━━━ DATA SECTION

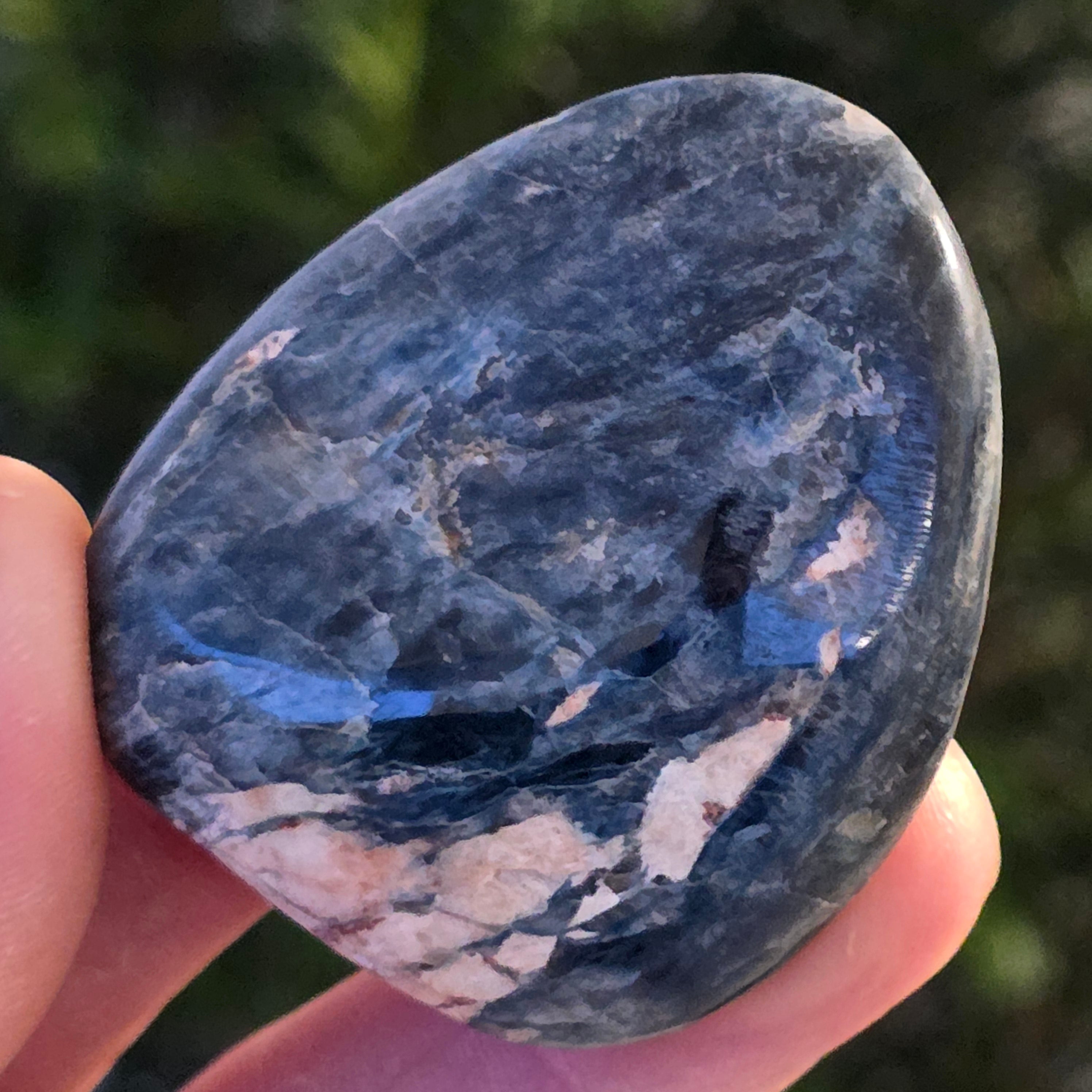 Description - Dark Blue Apatite Palmstone Madagascar | Model 7
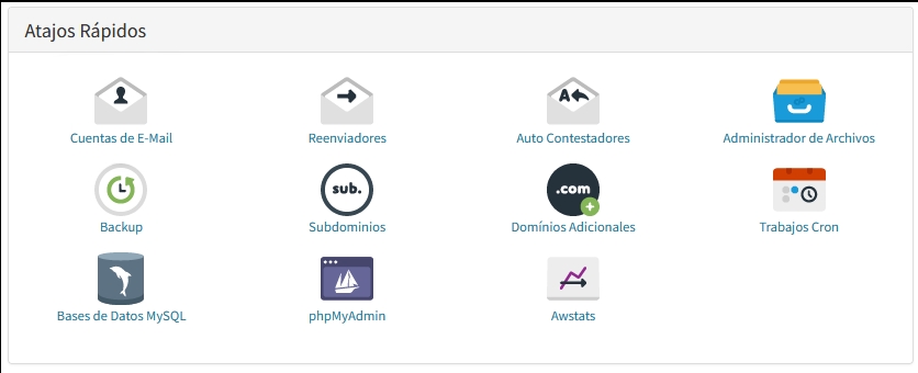 At the bottom of the same screen, you will see the Quick Shortcuts box. Clicking on any of the icons will also take you to the control panel of your account.
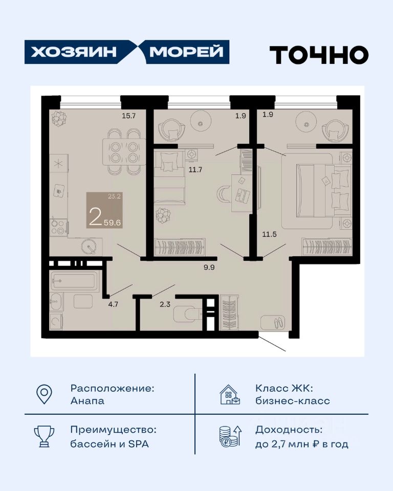 продам 2-к, Супсех19 191 200 ₽
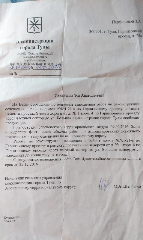 И вот наконец-то в начале года после личного приёма у Авилова, который глядя в глаза нашим бабулям обещал дорогу, было получено письмо (см. фото ниже) в котором жителям обещали работы выполнить до конца года. Лето подходит к концу, работ по дороге нет, вместо этого провели собрание по народному бюджету. И вот сюрприз на наши обеспокоенные письма, когда же ремонт, приходит ответ что в планах на 16 и 17 год, ремонт дороги не значится. И разъяснения, где в первую очередь ремонты город проводит.

━━━━━━

Please reproduce the lines above from the one containing "продам 2-к, Супсех19 191 200 ₽" through the final line, exactly and inclusively, leaving out each picture.

 продам 2-к, Супсех19 191 200 ₽
 И вот наконец-то в начале года после личного приёма у Авилова, который глядя в глаза нашим бабулям обещал дорогу, было получено письмо (см. фото ниже) в котором жителям обещали работы выполнить до конца года. Лето подходит к концу, работ по дороге нет, вместо этого провели собрание по народному бюджету. И вот сюрприз на наши обеспокоенные письма, когда же ремонт, приходит ответ что в планах на 16 и 17 год, ремонт дороги не значится. И разъяснения, где в первую очередь ремонты город проводит.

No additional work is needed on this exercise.